Truth to tell, Christian philosophy has been the ugly duckling of modern knowledge. Because the normal process of historical growth, by virtue of which philosophy had to become autonomous in actual fact, has been vitiated since Descartes by the spirit of separation, a philosophy isolated from faith, or opposed to faith, pretended to burden itself with all the problems of human destiny, and which was normally to end up in the Positivist self-denial of philosophy, has been replacing in modern times what could and should have been Christian philosophy, a philosophy genuinely distinguished from faith but in vital continuity with it.

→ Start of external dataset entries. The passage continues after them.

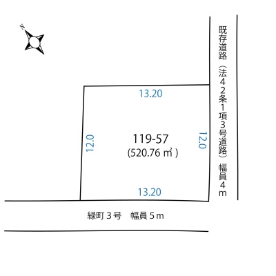 総区画数-/- 接道状況 角地 - 南西側幅5.00mの公道に13.20m接道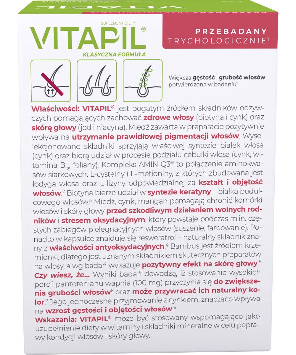 1 Опрос потребителей, проведенный с 23 июля по 6 сентября 2014 года с участием 247 тестировщиков. Подробнее на https://vitapil.pl/wyniki-badan-konsumenckich-polki-o-wlosach-vitapil.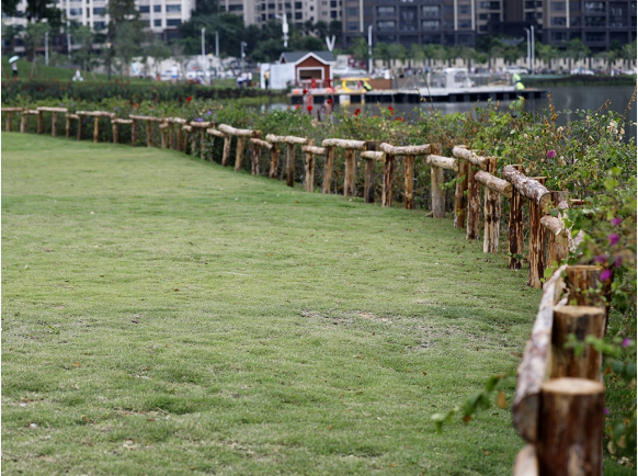 除了別具特色的鳥巢燈,為保障入園市民的人身安全,香洲正方還在園區(qū)沿湖周邊多處安裝了長約350米古樸自然的防護欄,扎實的麻繩、古樸的枝干,不僅提升了市民游客入園游玩的安全性,更是讓園區(qū)多了一份清新自然的田園之風?!斑@些防護欄都是我們自行修建,用適合南方天氣的松樹干制成,不僅節(jié)約成本,且與周邊環(huán)境、景觀效果融為一體?!碧K瑞敏表示。

Thus the immense fields of problems open to Christian philosophy have remained for the major part uncultivated. So much the better! The inheritors of our present pains will not lack work, they will be summoned to a patient, humble and magnanimous task in which may generations may be employed. Just as the theology of St. Augustine was the inspiring soul of the great cultural development of the Middle Ages, so I am convinced that the philosophy of St. Thomas Aquinas will be the inspiring font of the new Christendom to come. From this point of view, the interest in Thomistic philosophy and Christian humanism which may be discerned in the intellectual circles and the intellectual growth of this country of freedom and perpetual renewal, appears as a historical phenomenon still in the state of germination, but of the most remarkable importance.